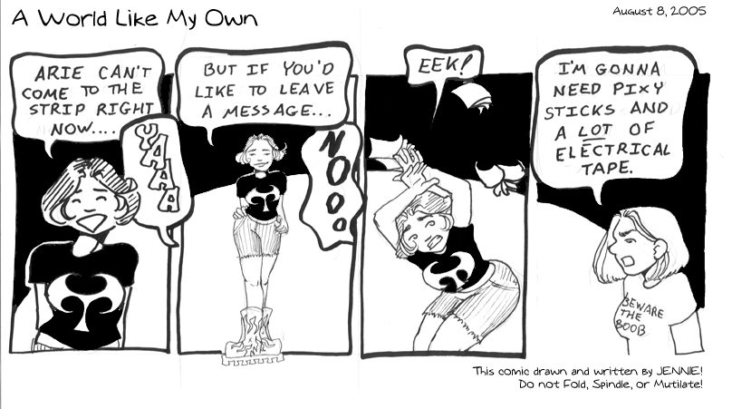 AriennaThis comic was drawn by Jennie!!! :D The con absolutely melted my brain and somewhere between the total lack of sleep and food and all of that... I realized I needed an update for Monday... Only I was driving home Sunday night and I'm supposed to close the restaurant today - absolutely no time to do the comic. So Jennie was kind enough to whip this up for me (in, like, ten minutes flat. What the heck?!), so I could get something resembling enough sleep. |
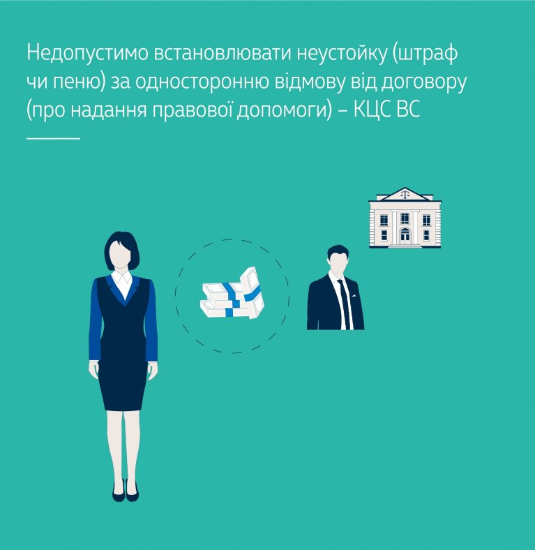 Суд першої інстанції, з рішенням якого погодився апеляційний суд, визнав повністю недійсним пункт договору про надання правової допомоги, у якому зокрема, передбачалося, що в разі односторонньої відмови клієнтки від договору вона повинна сплатити адвокату додаткову винагороду в розмірі 30 % від вартості отриманого нею майна чи коштів, але не менше суми, еквівалентної 10 тис. доларів США.
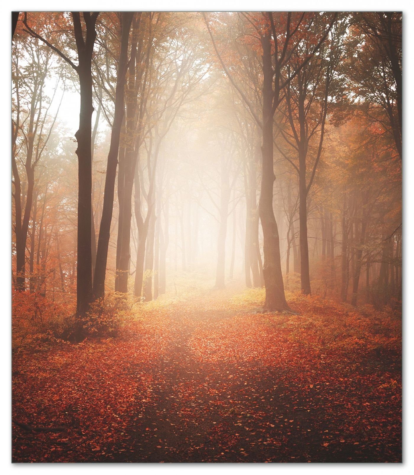 Wallario Herd-Abdeckplatte Herbstwald - Weg zu einer Lichtung im Wald, ESG-Sicherheitsglas, (Glasplatte, 1 tlg., inkl. 5mm Noppen), verschiedene Größen
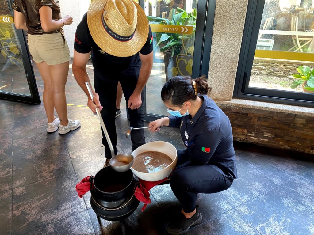 Refeição confecionada em potes de ferro e à boa maneira dos antigos costumes e tradições da arte de bem cozinhar, sempre acompanhados de histórias e música.
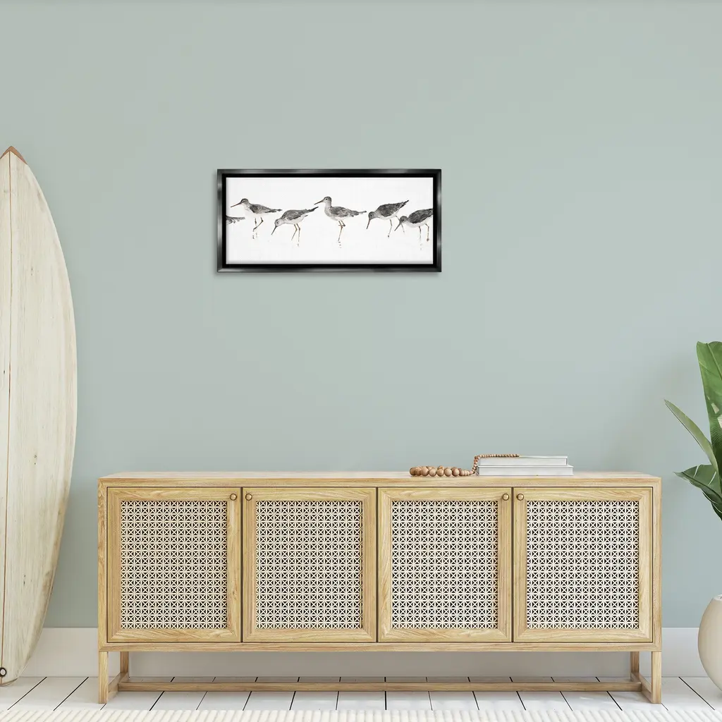 Elevate your home or office to the next level with Stupell Framed Floating Canvas Wall Art. Our premium hand-stretched canvas is mounted securely into a sturdy lightweight frame. The museum-style gap between the wrapped canvas and the box frame gives the illusion of floating artwork. Stupell Wall Art is made in the USA.Features: Dimensions: 25 x 1.7 x 11 Frame, 24 x 1.5 x 10 Canvas ArtFloating Frame Canvas Products are available in sizes 25"x11" and 31"x14". All Floating Frame Canvas Products have a 1.7" Depth.Wall Art is Ready to Hang with Hardware Free Hanging. No Installation required. For Easy Set Up Lean or Layer Artwork on Shelf or Against Wall. Artwork is Permently Fixed into the Frame.Our elevated 1.7" Thick Floating Frame is the perfect complement to our canvas style Wall Art. We use only the highest quality inks in house with industry leading printing solutions. Canvas is hand stretched over a durable wood foundation and then mounted securly into a Modern Box Frame. Made in the USA.Artwork Relates To: Animal, Bird, Sandpiper, Nautical, Coastal, BeachDesign by Avery Tillmore
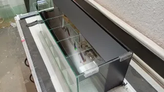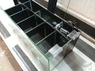 Filtro de acuario de cristal con divisiones y bomba incluida. - Construcción en cristal. - Múltiples compartimentos para filtración. - Bomba de agua integrada.

※ ※ ※

— Your assignment —
Although the records above contain pictures, the copy should hold only the lines from their start through the line containing "Суд першої інстанції, з", each exactly as written, and none of the pictures.

— Response to the task —
 AriennaThis comic was drawn by Jennie!!! :D The con absolutely melted my brain and somewhere between the total lack of sleep and food and all of that... I realized I needed an update for Monday... Only I was driving home Sunday night and I'm supposed to close the restaurant today - absolutely no time to do the comic. So Jennie was kind enough to whip this up for me (in, like, ten minutes flat. What the heck?!), so I could get something resembling enough sleep. |
 Суд першої інстанції, з рішенням якого погодився апеляційний суд, визнав повністю недійсним пункт договору про надання правової допомоги, у якому зокрема, передбачалося, що в разі односторонньої відмови клієнтки від договору вона повинна сплатити адвокату додаткову винагороду в розмірі 30 % від вартості отриманого нею майна чи коштів, але не менше суми, еквівалентної 10 тис. доларів США.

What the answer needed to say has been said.